- _WHAT TO WORK ON_:
Word for word, return the lines below from the first through the line that has "Затем мы перешли", dropping the pictures.
═══ RECORDS TO USE
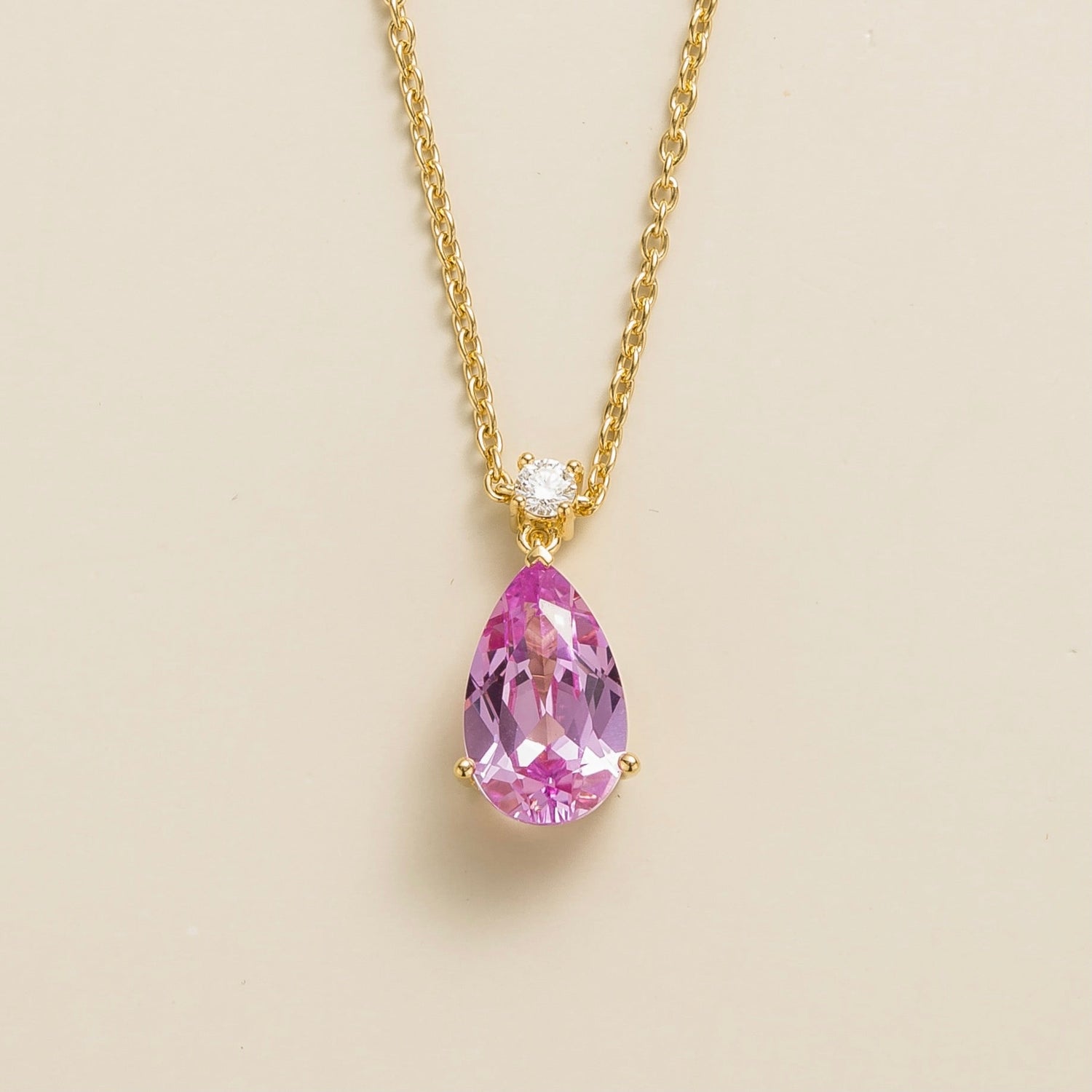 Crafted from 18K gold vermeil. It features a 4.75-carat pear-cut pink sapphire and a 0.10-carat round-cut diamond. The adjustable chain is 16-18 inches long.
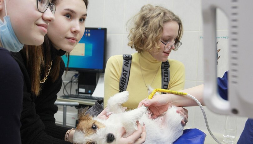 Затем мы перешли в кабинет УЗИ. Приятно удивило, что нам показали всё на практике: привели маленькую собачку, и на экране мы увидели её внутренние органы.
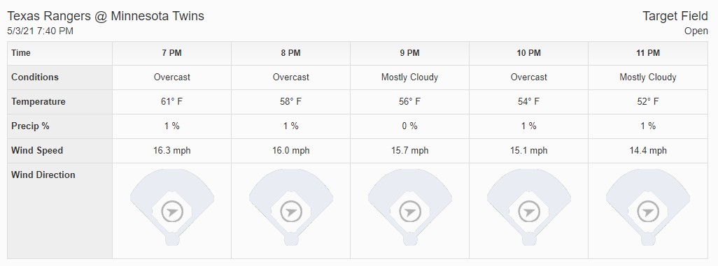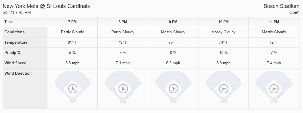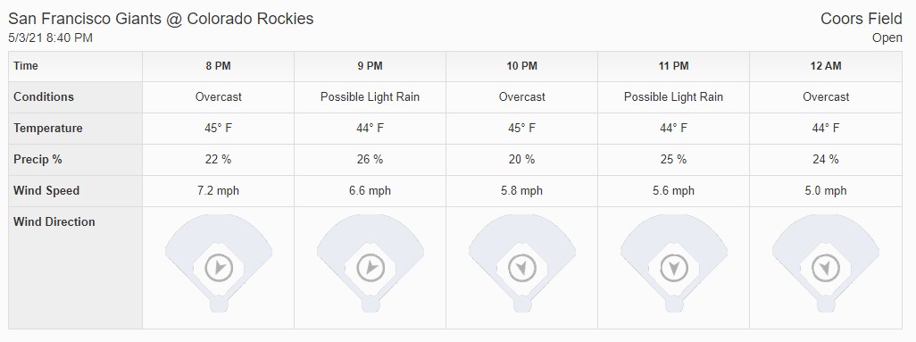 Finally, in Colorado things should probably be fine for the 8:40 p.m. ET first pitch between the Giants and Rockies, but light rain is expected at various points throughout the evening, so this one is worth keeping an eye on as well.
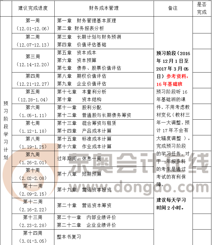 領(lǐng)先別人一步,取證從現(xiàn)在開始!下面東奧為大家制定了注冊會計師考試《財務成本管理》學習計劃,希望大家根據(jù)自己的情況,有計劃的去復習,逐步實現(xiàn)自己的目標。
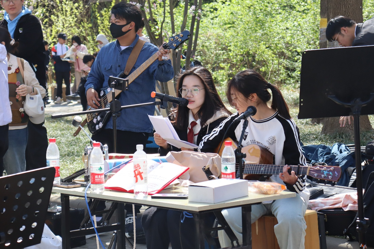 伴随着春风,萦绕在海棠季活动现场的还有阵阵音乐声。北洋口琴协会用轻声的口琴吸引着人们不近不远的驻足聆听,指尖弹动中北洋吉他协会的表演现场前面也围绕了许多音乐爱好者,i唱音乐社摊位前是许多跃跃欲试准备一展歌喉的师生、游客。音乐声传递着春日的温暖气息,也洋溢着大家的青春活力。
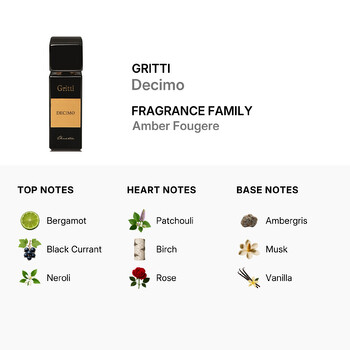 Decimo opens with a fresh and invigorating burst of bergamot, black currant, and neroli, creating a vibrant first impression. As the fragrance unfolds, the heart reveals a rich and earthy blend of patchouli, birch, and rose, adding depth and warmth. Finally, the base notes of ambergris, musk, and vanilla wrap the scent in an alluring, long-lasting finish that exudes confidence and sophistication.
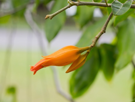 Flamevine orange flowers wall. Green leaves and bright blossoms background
══════
- _REPLY_:
 Crafted from 18K gold vermeil. It features a 4.75-carat pear-cut pink sapphire and a 0.10-carat round-cut diamond. The adjustable chain is 16-18 inches long.
 Затем мы перешли в кабинет УЗИ. Приятно удивило, что нам показали всё на практике: привели маленькую собачку, и на экране мы увидели её внутренние органы.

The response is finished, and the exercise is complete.